Слова незнакомца о человеке, искавшем ее руки, оскорбили ее, но в то же время имели какую-то особенную прелесть.
– Вы – противник Рональда? – спросила она. – Может быть, даже… враг?
Эрнст заметил презрительную усмешку на губах девушки и прочел на ее лице убеждение в том, что он не посмеет объявить себя врагом человека, которого многие считали всесильным. Это положило конец его колебаниям. Он выпрямился, и твердо и решительно произнес:
– Да!
Эдита с удивлением взглянула на человека, с каждой минутой становившегося для нее все более загадочным. Теперь он уже казался ей совсем другим; но это «да» относилось к человеку, имя которого она собиралась носить, и потому она почувствовала себя задетой.
– Очень откровенное признание! – сказала она холодно с тем высокомерием, которым всегда пользовалась, когда хотела поставить кого-либо в рамки приличия. – Но у человека, занимающего такое положение, как Рональд, всегда найдутся враги и противники, и против открытой, честной вражды нельзя и протестовать; однако большей частью вражда возникает по другим причинам: человеку не могут простить, что он вышел победителем из борьбы, в которой гибнут другие, исчезая во мраке неизвестности.
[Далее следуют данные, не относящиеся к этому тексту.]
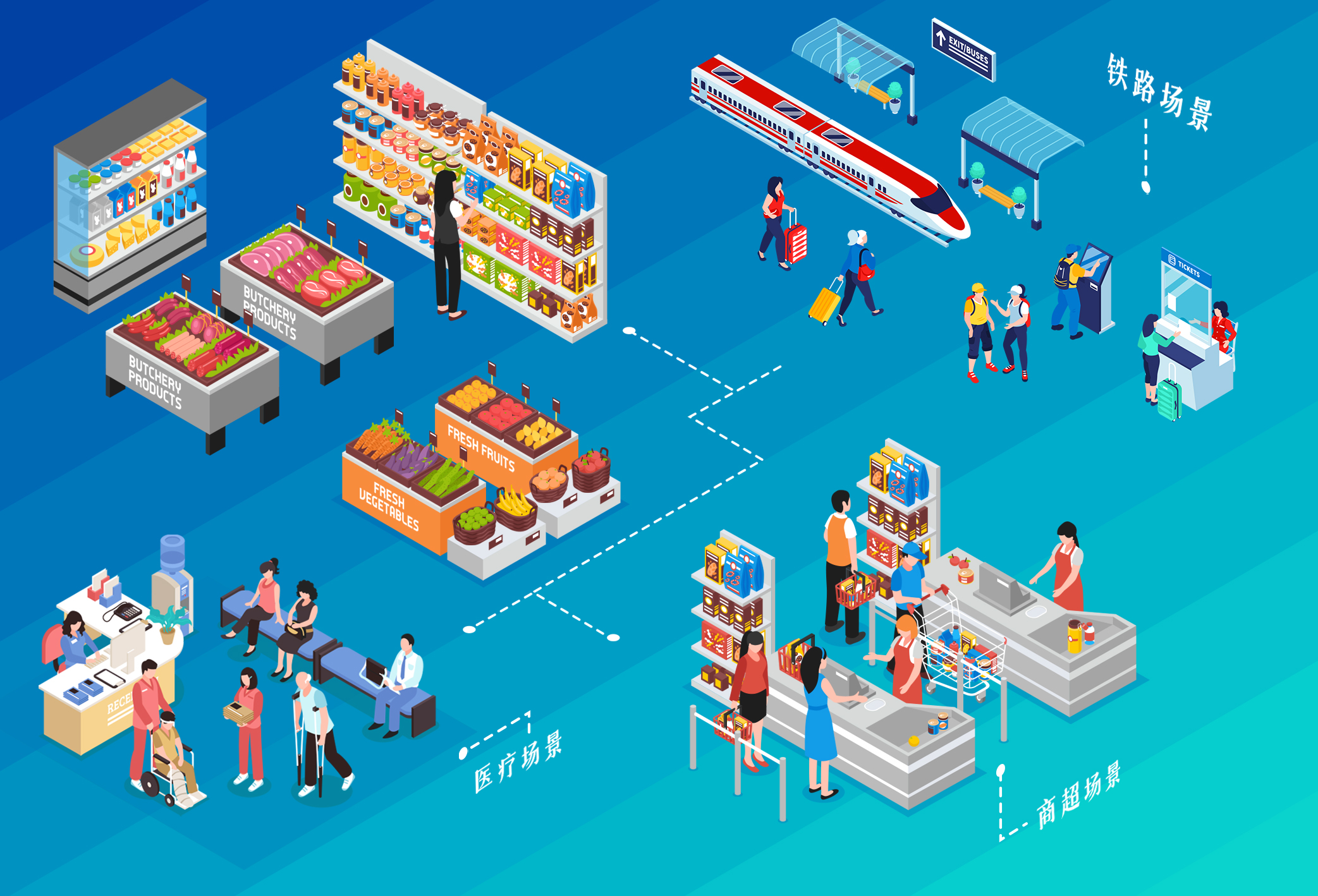 对于营业规模小、数量众多的小微商户,可提供码牌音箱、计算器POS、智能POS、智能收银秤等数币支付受理设备,为超过1.1亿的海量小微市场主体提供了实用、实惠等多款定制化设备软硬件产品。对于规模较大、内部系统及管理架构相对复杂的商户,软件上可提供定制化的数币云MIS、前端MIS对接,硬件上可提供双屏收银机、自助收银机等,为商场超市、税务医疗、铁路烟草、公共事业缴费等场景客户提供全方位数字人民币支付解决方案。

Конечно, зависть…
– Эти слова должны относиться ко мне? – с негодованием спросил Раймар. – В таком случае заявляю, что они несправедливы. Вы не имеете ни малейшего права обвинять в низости и подлости незнакомого человека, побудительных причин которого вы не знаете, обвинять только за то, что он назвал себя врагом другого! У меня есть основание так говорить. И что знаете вы о борьбе за существование? Вы всегда были далеки от нее. Кто счастлив и свободен, тому легко судить других, которые не смогли бороться потому, что у них были связаны руки. Сперва научитесь понимать, что значит «судьба», выпадающая на долю человека и делающая его бессильным против врагов, а потом уж судите!
Эдита словно окаменела от этого резкого отпора. Кто же был этот незнакомец, говоривший о жизни так мрачно, словно его личная жизнь уже давно была прожита? Теперь в его усталых глазах засверкали молнии, и он заговорил языком, какого избалованная девушка никогда не слышала от своих поклонников. И странно: несмотря на испытываемое нею негодование, она не могла заглушить в душе что-то, похожее на восхищение. Однако гнев быстро взял верх над прочими чувствами.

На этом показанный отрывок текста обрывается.